* [Exercise]:
Reproduce word for word the line holding "鲜奶蒸过10min后取出静置" and all lines after it in the data, through the end, leaving out pictures.

* [Source data]:
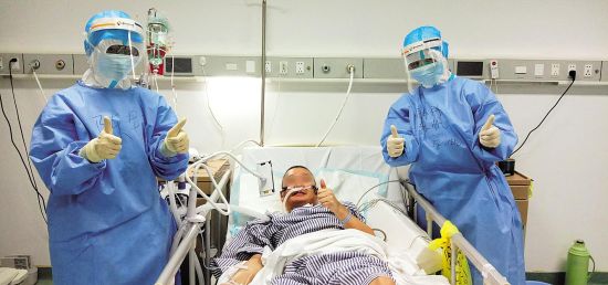 A medical team from southeast China’s Fujian province worked together with Zhou’s team to treat Xiao Wei. Thanks to all efforts, the man was able to breathe on his own on April 3, and talk five days later.
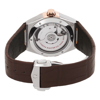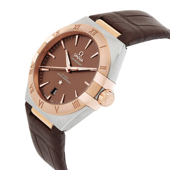 Stainless steel and 18kt sedna rose gold case with a brown leather strap. Fixed 18kt sedna rose gold bezel. Brown dial with 18kt sedna rose gold hands and index hour markers. Dial Type: Analog. Date display at the 6 o'clock position. Omega Calibre 8800 Automatic movement, containing 35 Jewels, bitting at 25200 vph, and has a power reserve of approximately 55 hours. Anti-reflective scratch resistant sapphire crystal. Pull / push crown. Transparent see through case back. Round case shape, case size: 39 mm. Band width: 24.2 mm. Push button deployant buckle clasp. Water resistant at 50 meters. Functions: date, hour, minute, second. Constellation Automatic Series. Luxury watch style. Watch label: Swiss Made. Omega Constellation Automatic Brown Dial Watch 13123392013001.
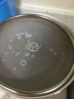 鲜奶蒸过10min后取出静置,等待奶皮结成(如果觉得太慢可以取一只大碗盛凉水隔碗冷却);
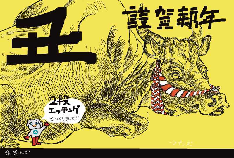 とても良いイラストだったため、次回の丑年にはぜひこのデザインを使用しようと約束しました。

* [Solved problem]:
 鲜奶蒸过10min后取出静置,等待奶皮结成(如果觉得太慢可以取一只大碗盛凉水隔碗冷却);
 とても良いイラストだったため、次回の丑年にはぜひこのデザインを使用しようと約束しました。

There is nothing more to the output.